Johannesburg, 18 Aug 2023
E-commerce in SA is now on a downward trajectory, after the heights reached during the pandemic.
E-commerce in SA is now on a downward trajectory, after the heights reached during the pandemic.

Takealot Group-owned e-tailer Superbalist.com has embarked on a Section 189 process, which will lead to the restructuring of its business.

In a statement sent to ITWeb, the company says the restructuring and changes will potentially impact its headcount, and consultations are under way.

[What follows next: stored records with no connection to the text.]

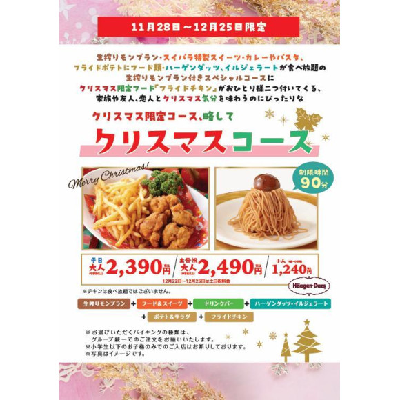 スイパラXmas限定コース「クリスマスコース」が期間限定登場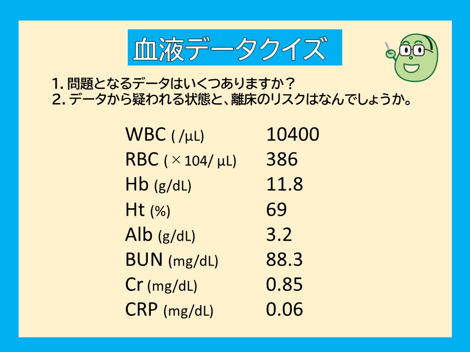突然ですが、血液データクイズを出題します。血液データを読んで、離床の注意点を説明してください。分からないという方は、下記講座の適応あり!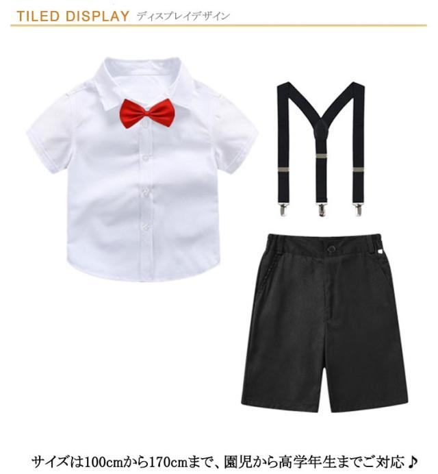 100cm-180cm 半袖 スーツ サスペンダー キッズ フォーマル 男の子 フォーマル 卒業式 男の子 ショートパンツ 4点セット キッズ ジュニア 子供服 ハーフパンツ ウエストゴム 入学式 卒園式 夏 お受験 発表会 結婚式 フォーマルスーツ こども パンツ ズボン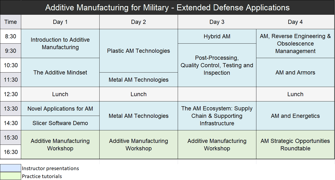 This unique 4-day course delivers the practical insights and experiences required to make informed, high-impact decisions about the adoption and integration of AM technologies within Defense contexts.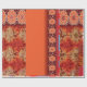O design apresenta um design têxtil detalhado, provavelmente destinado ao tecido ou papel de parede. Aqui estão os detalhes: ・ Esquema de cores: Predominantemente laranja, vermelho e branco. ・ Faixa vertical central: Uma cor laranja sólida corre a meio. ・ Padrões de revestimento: iludir os motivos florais e os detalhes do ornamentado em tons de vermelho, laranja e branco, com alguns elementos semelhantes a rendas. ・ Fundo: Um olhar aflita com salpicos de vermelho sobre uma base mais escura, dando-lhe uma sensação de safra. A disposição simétrica e a combinação de motivos florais e ornamentados tornam-na visualmente atraente e adequada para várias aplicações em moda ou decoração de interiores.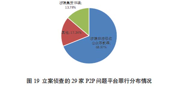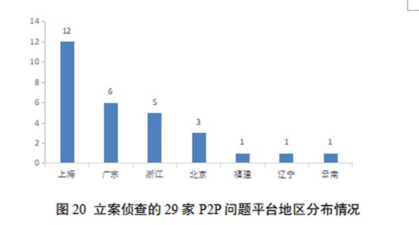 近两月来,有29家P2P问题平台被立案侦查。从地区分布看,上海涉案主体数量最多,占比达41.38%,其次是广东、浙江两地,分别占20.69%和17.24%。从案情看,以“涉嫌非法吸收公众存款”罪名立案最多,占比高达68.97%;此外,“涉嫌集资诈骗”占13.79%,全部集中在北上广地区(见图19、20、表10)。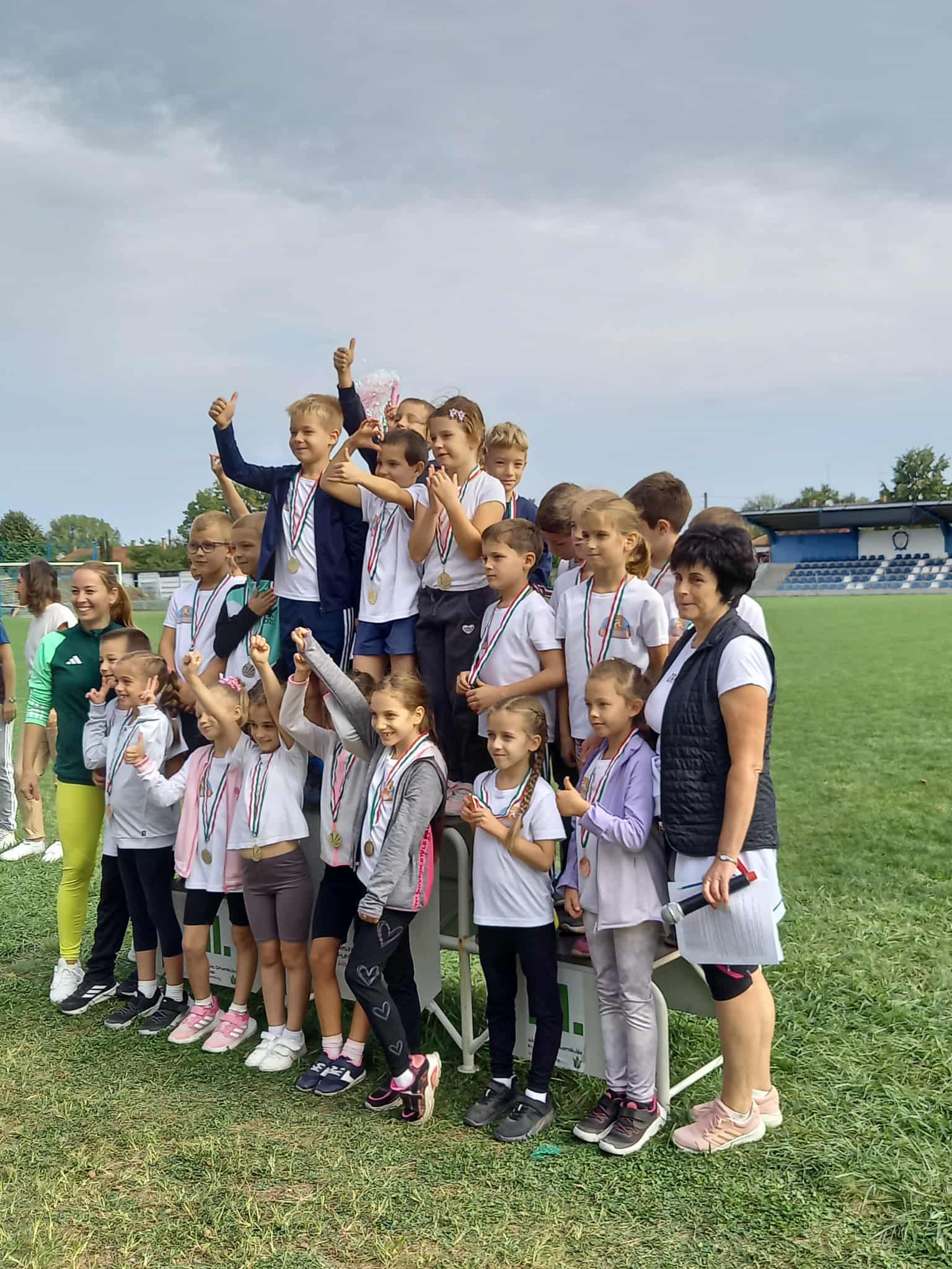 2025. szeptember 24-én délelőtt a Magyar Diáksport Napjával összekötve valósítottuk meg az immár hagyományos „Őszi zsongás” váltófutásunkat az 1-8. évfolyamos tanulók számára. A Városi Stadion atlétika pályáján tartalmas közösségi élményben volt része versenyzőknek, szurkolóknak egyaránt. Ebben az évben rendhagyó módon párhuzamosan, két helyszínen zajlottak az események. Az egyiken a stafétafutás szerveződött, a másikon pedig különleges, humoros ügyességi sporteszközökkel versenyeztek a gyerekek. Szerencsére, az időjárás is kegyeibe fogadott bennünket, így lelkes szurkolók kíséretében nagyon izgalmas futamoknak lehettünk tanúi.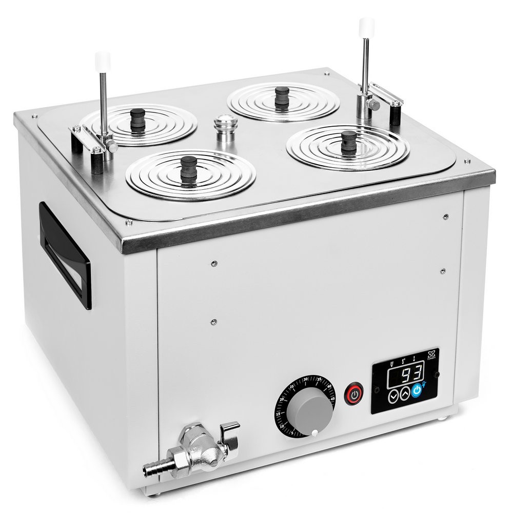 - Система из 5‑ти стальных концентрических колец позволяет уплотнять размещенные в ванне колбы, стаканы и другую лабораторную посуду.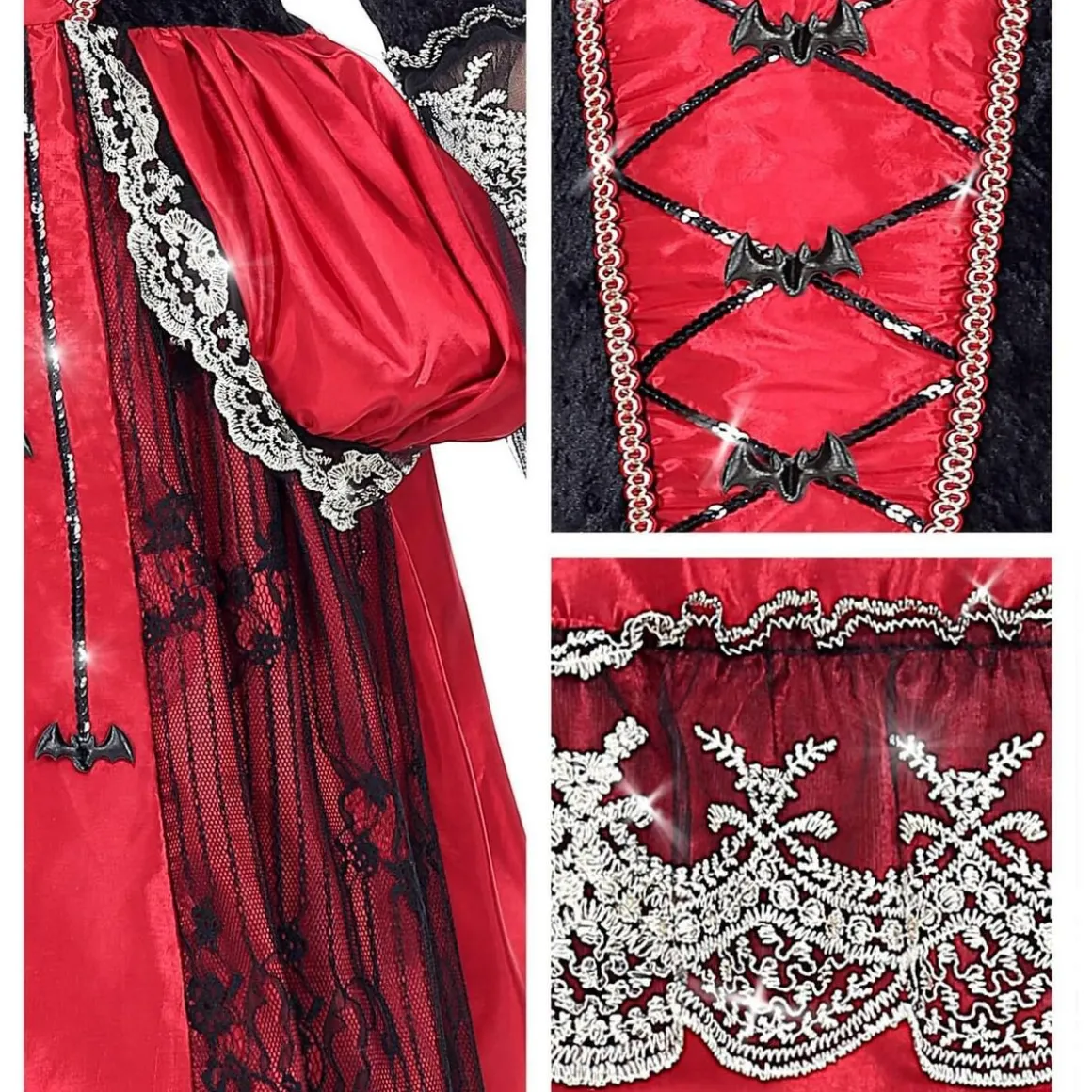8/10 ans (128 à 140 cm) – Contenu : 1 robe, 1 collier.Ce déguisement se compose d’une robe avec jupon en crinoline. Ce jupon donne un effet bouffant à la robe. Le jupon de la robe est rouge satiné avec des détails de broderies noir et argent sur le bas. Il y a également un effet d’araignées qui descendent de leur toile avec des sequins noirs. Il y a un jupon supplémentaire par-dessus en dentelle noire. Le bustier est noir à manches longues évasées effet velours. Il y a un corsage rouge avec des lacets noirs en sequins et des détails avec des araignées. La robe possède un grand col noir avec l’intérieur rouge. Un collier tour de cou noir avec une pierre effet rubis est inclus dans le set. Age minimum : la naissance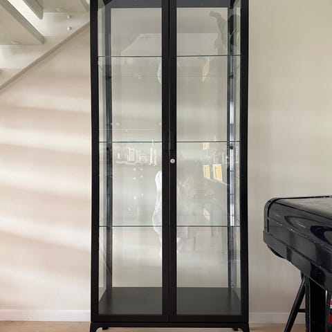 IKEA vitrinskåp i svart utförande med glasdörrar och glasväggar. Skåpet har 2 hyllplan som ger plats för förvaring och exponering. Stomme och ben är i metall med en matt svart yta.
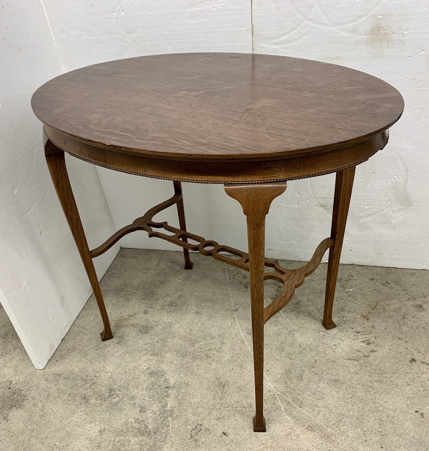 Oval Oak Hall Table With Delicate Stretcher Base. 24x34
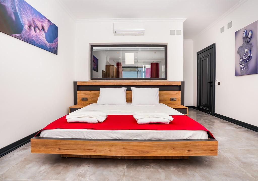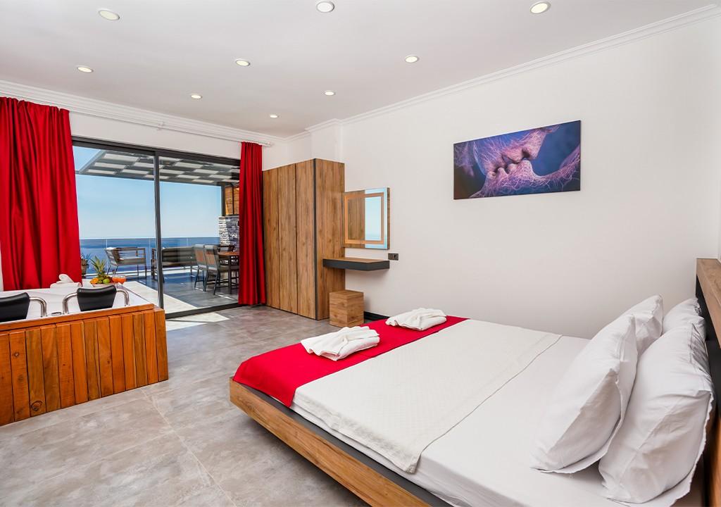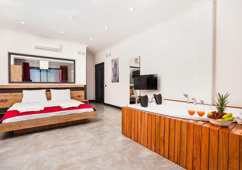 1 adet çift kişilik yatak, gardırop, makyaj masası, jakuzi, televizyon, klima ve tuvaletli özel banyo.
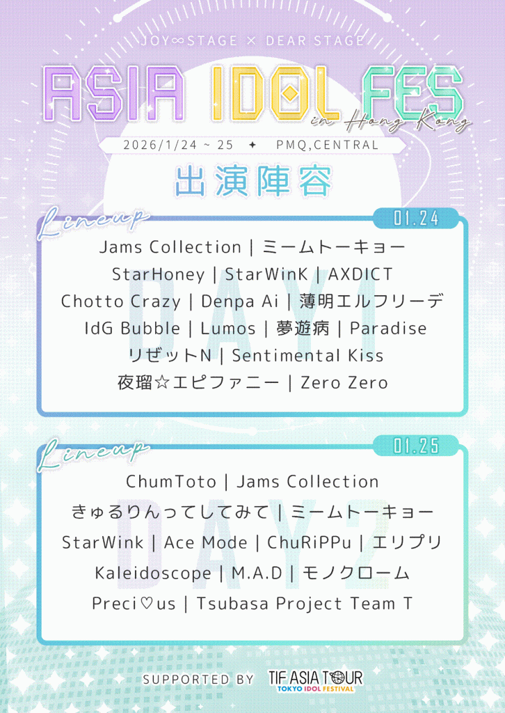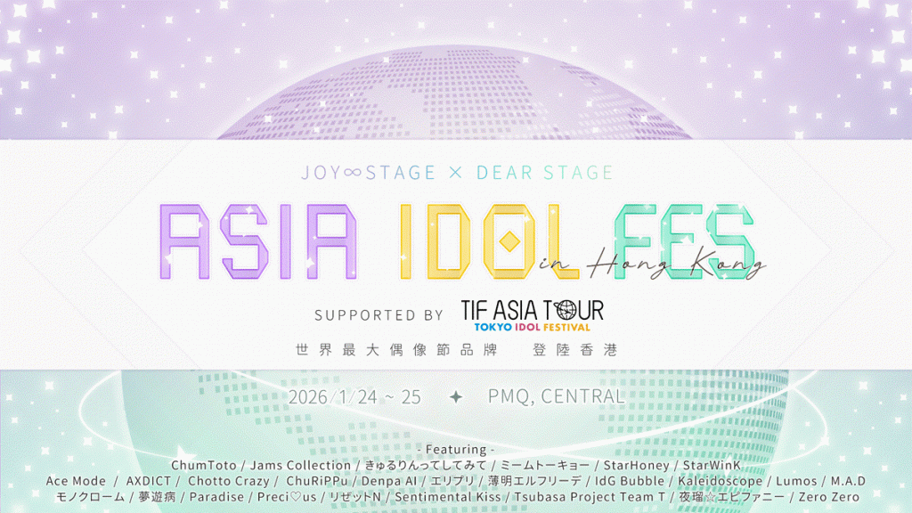 香港演唱會活動品牌「JOY∞STAGE」繼2025年10月邀請來自日本的「高嶺のなでしこ」、「虹のコンキスタドール」和「ChumToto」演出後,2026年1月將與日本知名偶像製作公司DEAR STAGE聯手,在「TIF ASIA TOUR」的支援下,將會打造本地歷來規模最大、最具話題的偶像音樂節,集結亞洲各地新世代偶像實力派團隊,齊聚香港,讓正統的偶像節文化在香港再現。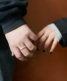 ファッショナブルなデザインは薬指以外にも、人差し指や中指での ぺアコーディネートもおすすめです。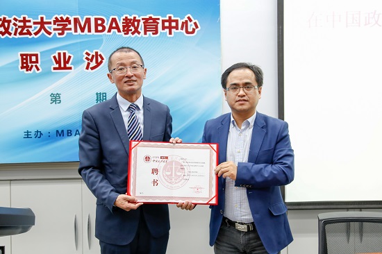 隨后,在熱烈的掌聲中,"MBA職業導師聘任儀式"正式開始,中國政法大學MBA中心肖富榮老師代表院方授予甄誠董事長"MBA職業導師”聘書。這也是繼被聘任為北京交通大學、首都經濟貿易大學、中國科學院大學、北京師范大學面試考官、兼職教授、職業發展導師之后,甄董與院校的再一次親密合作。甄董同時表示今后將對中國政法MBA教育給予大力支持,為同學們之后的發展提供幫助,切實擔負起職業導師的責任。

This, as e-commerce in SA struggles to maintain the peak levels reached during the height of the pandemic.

“Like many other businesses, we are faced with the reality that growth post-COVID-19 has not reached the levels that had been forecast. As such, we need to re-evaluate our structures to ensure the business operates effectively in this current economic environment,” says the statement.

“We are deeply conscious of the impact a change in business operations may have on our people. Our first and most important focus is on doing what is right for them, while still being conscious of the decisions we must make to deliver a business geared for a long-term future.”

The company says it is working hard to balance these two realities at all times.

Responding to whether Takelot.com employees will be affected, it says: “These actions remain unrelated to the rest of the group. Each operating company is measured against its own strategy and performance.”

For its interim results for the six months ended 30 September 2022, Takealot Group made a R224 million loss.

Over the past three years, online shopping has been booming in SA, reaching R55 billion in 2022, according to a study conducted by World Wide Worx in conjunction with Mastercard. Last year, online shopping grew by 30%, with 40% growth in 2021.